Поэтому, когда меня как историка время от времени просят организовать для гостей какую-нибудь экскурсию по Ставрополю, я пытаюсь увести их с протоптанных туристических дорожек, которые описаны во всех справочниках, и отправиться туда, где сохранился дух южного провинциального города, где можно заглянуть в его истинное лицо, лишённое всякого косметического блеска, характерного для центральных улиц и площадей.
И наше путешествие по Ставрополю мы начнём с улицы 8 марта, бывшей Шипкинской, названной так в честь героев обороны Шипки, одного из ключевых и наиболее известных эпизодов в русско-турецкой войне 1877–1878 гг. В 1838 году тут началось строительство казармы для рекрутов и помещений для нижних чинов Первого Линейного Кавказского батальона. Казарменный городок положил начало образованию новых улиц, одна из которых позже получила название Шипкинской. Начиналась она от тюремного замка и шла до современного Даниловского кладбища, ранее именовавшегося Воробьёвским.

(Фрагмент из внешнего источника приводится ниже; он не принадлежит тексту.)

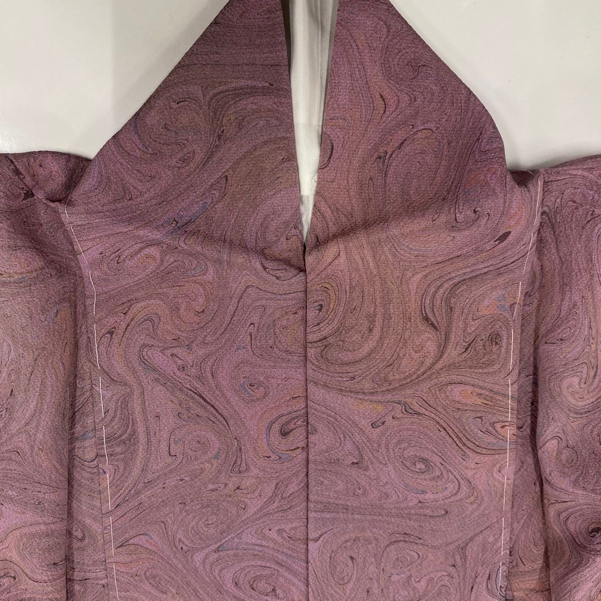 小紋 身丈152 cm 裄丈62 S 袷 落款 墨流し ぼかし柄 薄紫 正絹

Рассказывают, что инициатива переименовать в Ставрополе улицу Шипкинскую в улицу 8 марта была делом рук второго секретаря Ставропольского РК ВКП(б) А. В. Агафонова. По словам современников, супруга второго секретаря Ставропольского РК ВКП(б) А. В. Агафонова была очень упряма, своенравна и эгоистична, часто ссорилась с мужем из-за пустяков. Вот так, благодаря скверному женскому характеру в Ставрополе появилась улица 8 марта, начинающаяся тюрьмой и заканчивающаяся кладбищем.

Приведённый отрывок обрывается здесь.